N-ary links, 2nd Order Links and Active Links

So far only binary links have been treated. Binary links are characterized by one link anchor and one destination point. They match the concept of navigating in a hypertext very well. For structural reasons it may be more appropriate to consider a more general concept of links. N-ary links have one or more link anchors and one or more destination points. In the model this means that a set of link anchors and destination points are bound to the same link. Apart from having several sources (buttons) leading to the same destination, n-ary links can also be used to implement following links in multiple steps. An n-ary link leading to an article might first direct you to an entry in an annotated reference list, for reading an abstract, and then to the article itself. A link may also lead to a short description of the destination, before actually arriving there. This behavior resembles the few words you get from Hyperties or the complete url you get from WWW-browsers such as Mosaic or Netscape Navigator.

Nodes, slots and fields have been discussed as destination points for links. Links pointing at links, called second order links, can be used to point at a collection of connections. It might reflect that a link itself is of special interest, and that the reader, after being guided to the link, can chose to study the anchor or destination of the link. Links are identified as connection points by name of the network in which they are embedded, together with their own name.

Active links are links that have anchors or destinations that are function denotations. That is, instead of having links pointing at fragments of text they contain a function. This function is to be interpreted when you follow the link. This kind of link can be used to generate a view of the data it is anchored to. That could be the generation of a graphical representation of the data each time one is following the link. A function signature is added to the domain of anchors and destinations. The domains of the arguments and the results of the function are not specified in any further detail within the reference model.

Structures - the Organizers of Hypertext

In addition to the simple graph of nodes and links, additional structures may be desirable. A hierarchy of nodes in a hyperdocument is another primitive example of organizing a hyperdocument.
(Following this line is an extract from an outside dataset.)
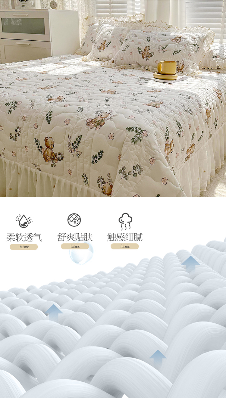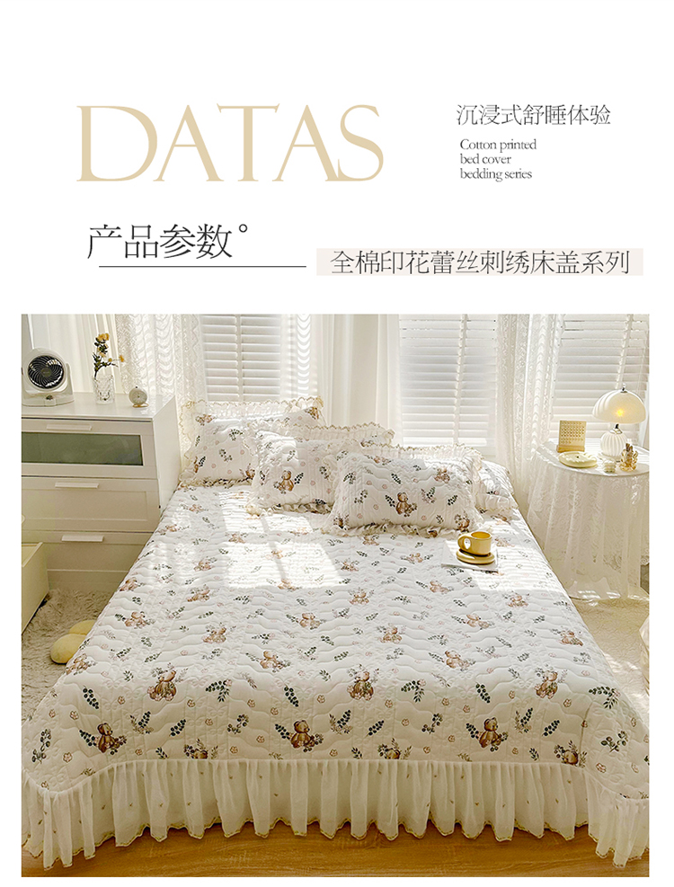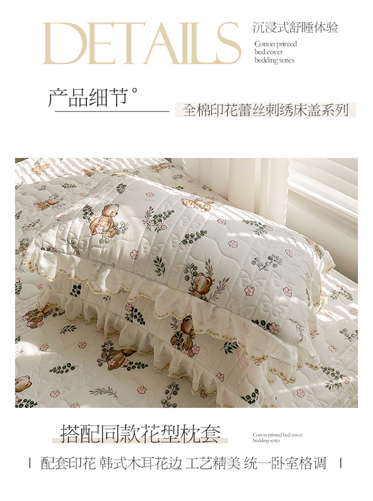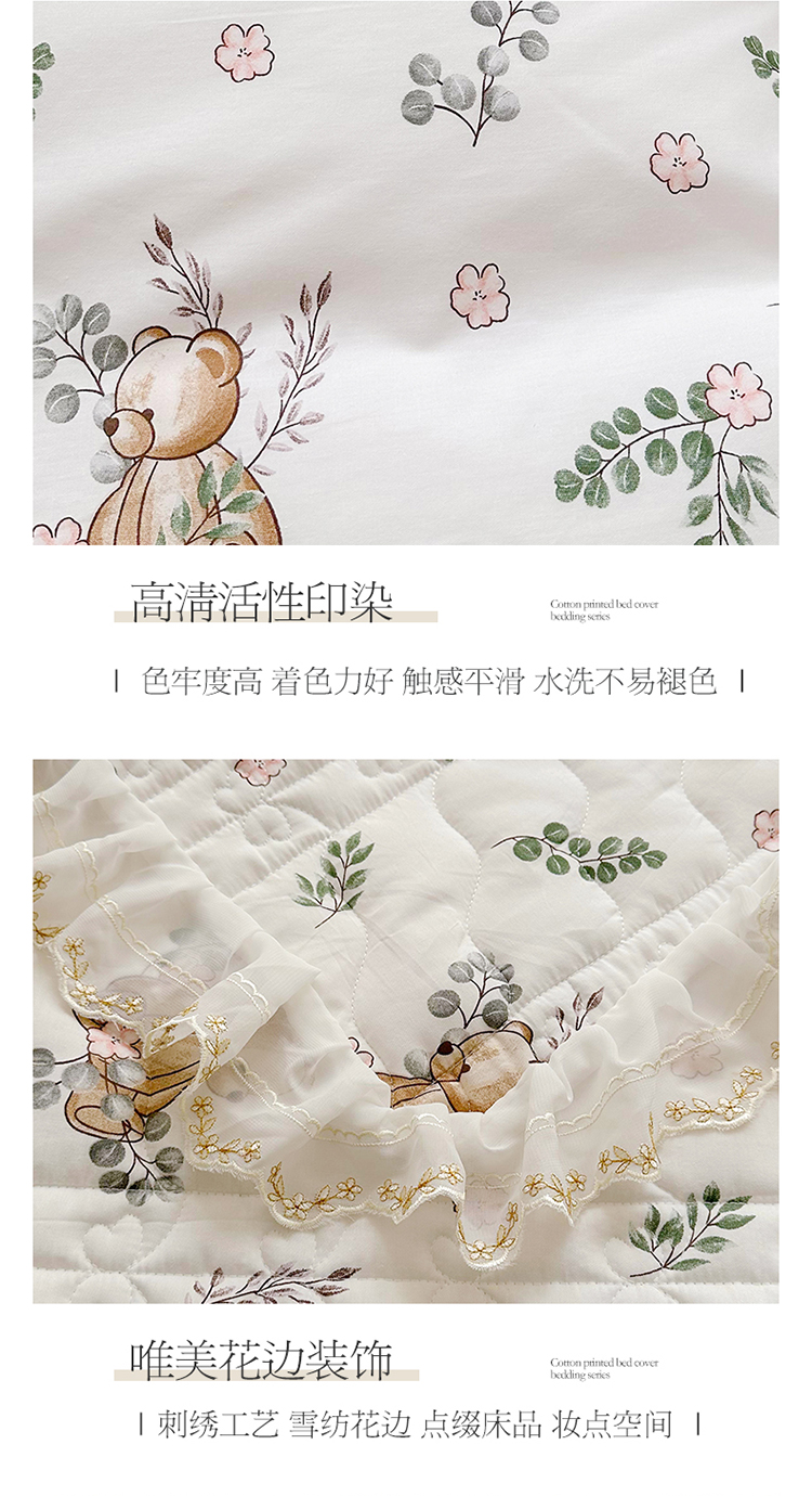 商品名称:宜凡 2023新款全棉蕾丝刺绣床盖三件套 小熊吉米

It is a way of organizing information into meaningful parts, e.g. documents into sections and subsections, much like in a book. Users are usually free to define information structures in hypertext systems as they are needed; but the novice user sometimes may require guidance by the hypertext system itself, or one may find ad hoc organization of hyperdocuments potentially dangerous. The problem can be solved by using structures.

The use of the set-structure fits well into card-like hypertexts. The map-structure can extend this unordered collection of cards with a facility of direct access by user-defined names. Sequences can be used to express interrelationships between nodes as the sequence in which they should be visited, e.g. chapters in a book. Defining these structures recursively makes it possible to make tree structures of nodes.

It should be emphasized that it is not the nodes and networks themselves that are organized in these structures. The structures contain only the names of the nodes and networks. Hence it is possible to reuse nodes and networks in several structures. E.g., one can think of a section or figure appearing in more than one book, and thus in several structures.

Structures can be interpreted by filters, to make linear representations of the hyperdocument, e.g. on paper. A tree structure of a book should intuitively be interpreted by a filter in a top-down, left-to-right manner, so that chapter one and the subsections of this chapter are written out before chapter two and so on.

Structures are uniquely identified by their name. Each structure is characterized by having a collection of substructures, each organizing destinations into sets, sequences or maps. The substructures themselves have unique identities and can be destinations, thus making it possible to build more complicated structures. A structure has a root that can identify one of the substructures as being the root of the structure.